┌──

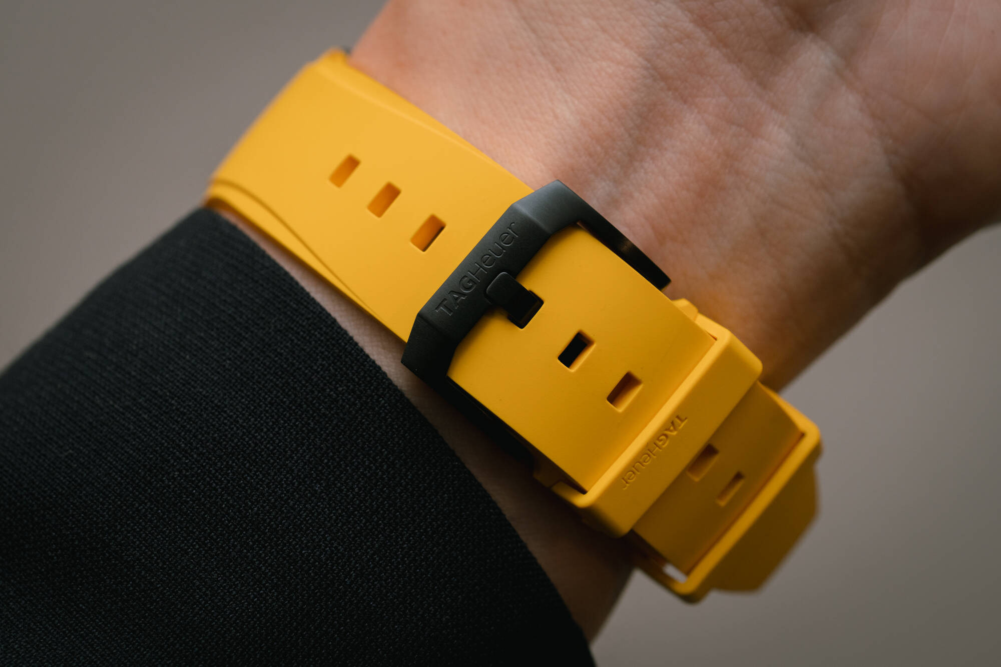 Положение у отметки «3 часа» занимает указатель даты, прижатый к краю логотипом TAG Heuer в виде щита. Покрытая лаком центральная секундная стрелка хронографа выдержана в желтом цвете, что делает композицию циферблата законченной и при этом не перегружает часы визуально.
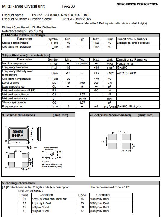Q22FA2380157016 | 3.2 x 2.5 x 0.7mm | FA-238晶振 | 24.000000 MHz | 15 pF | +/-50 ppm | +/-30 ppm | -20 to +70 °C | ≤ 60 Ω |
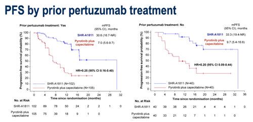 對于既往接受過帕妥珠單抗治療的患者,瑞康曲妥珠單抗組的中位PFS為30.6個月(95%CI:16.7-NR),吡咯替尼聯合卡培他濱組的中位PFS為7.0個月(95%CI:5.6-9.7),HR=0.25(95%CI:0.16-0.40)。對于既往未接受過帕妥珠單抗治療的患者,瑞康曲妥珠單抗組的中位PFS為33.3個月(95%CI:19.4-NR),吡咯替尼聯合卡培他濱組的中位PFS為9.7個月(95%CI:5.4-16.6),HR=0.20(95%CI:0.09-0.44)。
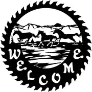 metal sign with horse welcome scene .Our finish is a baked on powder coat for a very long lasting durable finish. This will be made from heavy 14ga steel.

└──

To do: Repeat all of the material above exactly, leaving out pictures.

Response:
 Положение у отметки «3 часа» занимает указатель даты, прижатый к краю логотипом TAG Heuer в виде щита. Покрытая лаком центральная секундная стрелка хронографа выдержана в желтом цвете, что делает композицию циферблата законченной и при этом не перегружает часы визуально.
Q22FA2380157016 | 3.2 x 2.5 x 0.7mm | FA-238晶振 | 24.000000 MHz | 15 pF | +/-50 ppm | +/-30 ppm | -20 to +70 °C | ≤ 60 Ω |
 對于既往接受過帕妥珠單抗治療的患者,瑞康曲妥珠單抗組的中位PFS為30.6個月(95%CI:16.7-NR),吡咯替尼聯合卡培他濱組的中位PFS為7.0個月(95%CI:5.6-9.7),HR=0.25(95%CI:0.16-0.40)。對于既往未接受過帕妥珠單抗治療的患者,瑞康曲妥珠單抗組的中位PFS為33.3個月(95%CI:19.4-NR),吡咯替尼聯合卡培他濱組的中位PFS為9.7個月(95%CI:5.4-16.6),HR=0.20(95%CI:0.09-0.44)。
 metal sign with horse welcome scene .Our finish is a baked on powder coat for a very long lasting durable finish. This will be made from heavy 14ga steel.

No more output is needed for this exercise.